Never underestimate the risk of an attack coming from the inside.
Also once you have an implementation with a certain kind of authentication other devs are likely to copy what you have successfully deployed and then your security assumptions will make it into public facing code without much consideration
There is no difference security wise. The benefit of the clientid is mainly that it is shared cleartext information, so it can be used in eg. support requests, password recovery, what have you.
You got me thinking in something more, are API keys stored in plain text in DB? Otherwise I don’t see a way to quickly know it’s valid, I’d have to validate it against all the hashes in the DB.
With client id it’d be easy to just validate the secret against a single hash for that user.Its never really a good approach to store secrets in plain text. I don’t see how that would be more expensive for your database than validating clientId + secret.
There are lots of solutions out there for “secrets management.” If you’re using Kubernetes, there are some which integrate with Kubernetes. I use Spring Cloud Config where I work and it supports storing encrypted values in the configuration. What solution would be best for you depends on your software stack. (And I don’t have a ton of experience with most options.) But some googling could get you more answers.
Consider that a ‘username+password’ is much harder to ‘revoke’ individually. As in, you can have 3-4 API keys in use, and can revoke any one of them without having to change a password.
You can also change password independently of the keys, or have it linked so keys are revoked on a password change. It also allows traceability as to where accesses are coming from (auditability). If everything is using the same client-id+secret (or usn/pwd), you don’t know which ‘client’ is doing what.
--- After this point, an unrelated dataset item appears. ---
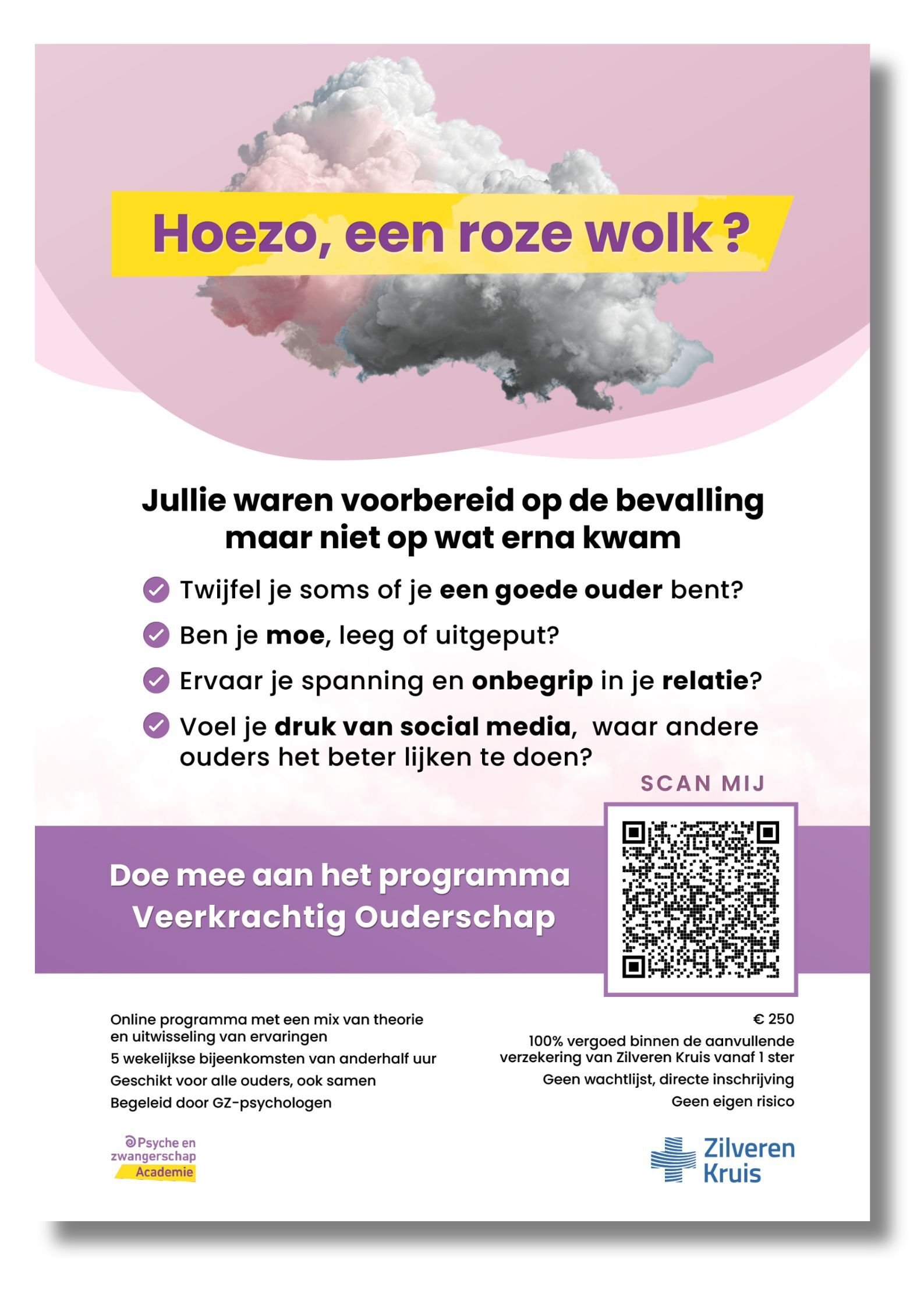 De cursus Veerkrachtig Ouderschap is een preventieprogramma en geen psychologische behandeling. De cursus is bedoeld voor (aanstaande) ouder(s) die zich onzeker voelen in het ouderschap, angstig zijn, soms wat somber en/of worstelen met hun nieuwe rol. Het programma vervangt niet een psychologische behandeling, maar kan soms wel een goede aanvulling zijn bij een behandeling. Het programma wordt gegeven door BIG-geregistreerde psychologen (GZ-, Klinisch Psychologen of psychotherapeuten) die affiniteit hebben met en kennis hebben over deze doelgroep en zijn aangesloten bij Psyche en Zwangerschap B.V. Zij hebben in dit programma geen behandelverantwoordelijkheid over de deelnemers. Door te kiezen voor deze programmabegeleiders waarborgen wij kwaliteit.

Yeah, mentioning password it was just an analogy, the user has their credentials independent of this implementation, so no need to reset their password for any flow here. It’d be client id+secret.
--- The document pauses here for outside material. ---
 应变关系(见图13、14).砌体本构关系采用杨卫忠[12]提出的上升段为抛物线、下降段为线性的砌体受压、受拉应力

The difference is that you can have multiple API keys for the same account.
- You can revoke API keys from a lost device without changing your password.
- You can grant a different service a restricted API key for limited access.
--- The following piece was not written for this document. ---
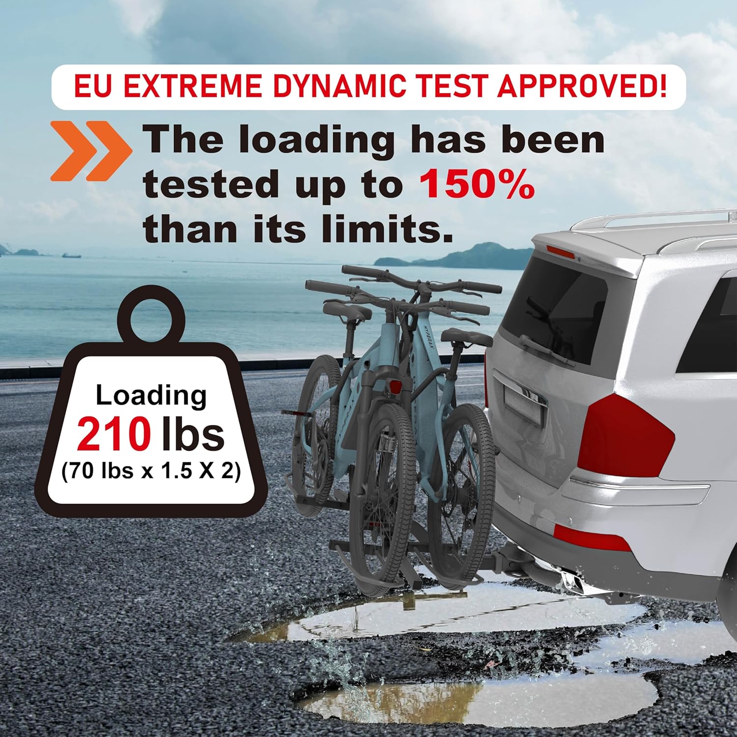 - 140 LB TOTAL CAPACITY: Supports up to 70 pounds per bike, our rack is compatible with mountain bikes, electric bikes, road bikes with up to 5-inch fat tires, and up to 58-inch wheelbase. For step thru bikes / lady bikes required bike adapter (not included) Remark: this rack is capable of carrying two super 73 E bikes as long as they are within 70 pounds of each E bike.

- API keys can expire, forcing password expiry is very use unfriendly.
The password is the “root secret” of the account. It is (mostly) unrevokable and doesn’t expire. It is a huge risk to have the password lying around. So it is better to quickly exchange the password for a less risky token, then you can wipe the password. Then all clients don’t need to store the password. The user just needs to provide it once then lower-value secrets can be used for future authentication.
I don’t fully understand what use case you’re thinking about.
An API key which expires is very hard to work with, imagine deploying an app with that kind of key, or a service/bot which uses that key.Maybe you’re thinking about access tokens, which need to be regenerated every so often and can be generated with a refresh token.
API tokens don’t need to expire. But having them expire is a nice security benefit. It means that eventually they will be useless even if they are sitting around on an old laptop that gets thrown away.
For many use cases this works well. For example a client app can easily refresh the token from time-to-time. This can be managed with an access/refresh token system (which has the advantage that the token you are frequently sending over the wire doesn’t have refresh capabilities)
It pretty much is like that. Oauth is also useful passing a user’s identity from one service to another.
It’s fine as long as the key/secret is never transmitted in clear text (always encrypted e.g. with https) and never exposed to the end users to prevent credential leak. What matter is if you can rotate those keys quickly enough when there is a security incident. oauth has advantage here because the token has expiry date so if you happen to have a leak, at least the leaked token won’t work indefinitely.